• Task instructions
Starting with the line where "vue 的 cron 组件,支持解析/反解析" appears, print every line through the end of the entries below exactly as it stands, and leave out the pictures.
******************************
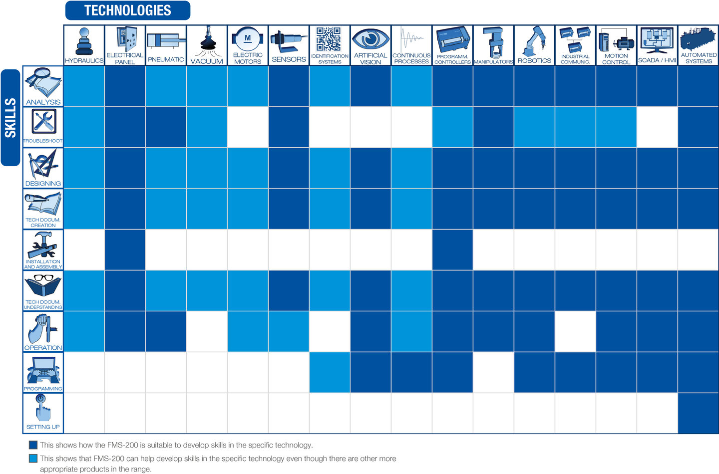 Integral training in industrial automation. The different process stations assemble a turning mechanism. To provide the system with greater flexibility, stations adapt to a wide variety of assemblies, introducing variations in the materials, colours and part sizes. The combination of all these possibilities means that a total of 24 different assemblies can be obtained enabling the use of production management strategies. The system includes a whole series of feeding, handling, verification and loading operations etc. carried out using components from different technologies (pneumatics, hydraulics, sensors, robotics, communications, control and HMI.).FMS-200 includes the breakdown simulation system which generates up to 16 different breakdowns to be diagnosed by the user.
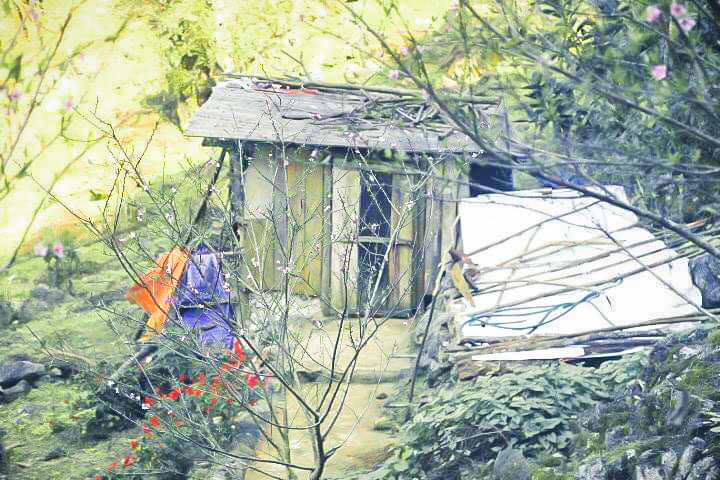 Từ trên thung lũng mận Mu Náu nhìn xuống như một bức tranh phong thủy hữu tình
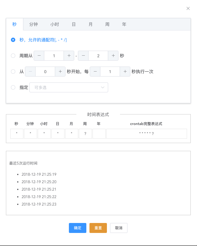 vue 的 cron 组件,支持解析/反解析 cron 表达式,生成最近五次的符合条件时间,依赖 vue2 和 element-ui
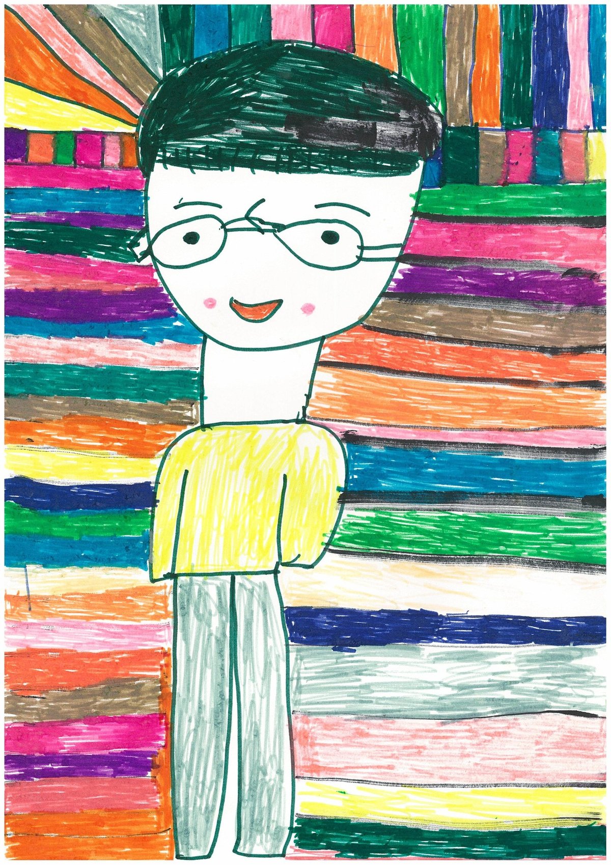 担当ではありませんでしたが顔馴染みの40代の障害を持ってあちらに帰られた女性から頂いた似顔絵で大切にしている作品です。
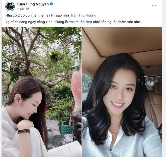 Mới đây, trên trang cá nhân của mình, Tuấn Hưng đã có màn nịnh vợ khiến dân tình cười rần rần. Nam ca sĩ đăng ảnh giả gái của mình trông rất gì và này nọ cùng ảnh góc nghiêng xinh như mộng của bà xã Hương Baby. Anh chú thích cực lầy rằng: "Nhà có 2 cô con gái thế này thì sao nhỉ? Trần Thu Hương. Vợ mình càng ngày càng xinh. Đúng là hoa muốn đẹp phải cần người chăm sóc nhé".
******************************
• Task output
 vue 的 cron 组件,支持解析/反解析 cron 表达式,生成最近五次的符合条件时间,依赖 vue2 和 element-ui
 担当ではありませんでしたが顔馴染みの40代の障害を持ってあちらに帰られた女性から頂いた似顔絵で大切にしている作品です。
 Mới đây, trên trang cá nhân của mình, Tuấn Hưng đã có màn nịnh vợ khiến dân tình cười rần rần. Nam ca sĩ đăng ảnh giả gái của mình trông rất gì và này nọ cùng ảnh góc nghiêng xinh như mộng của bà xã Hương Baby. Anh chú thích cực lầy rằng: "Nhà có 2 cô con gái thế này thì sao nhỉ? Trần Thu Hương. Vợ mình càng ngày càng xinh. Đúng là hoa muốn đẹp phải cần người chăm sóc nhé".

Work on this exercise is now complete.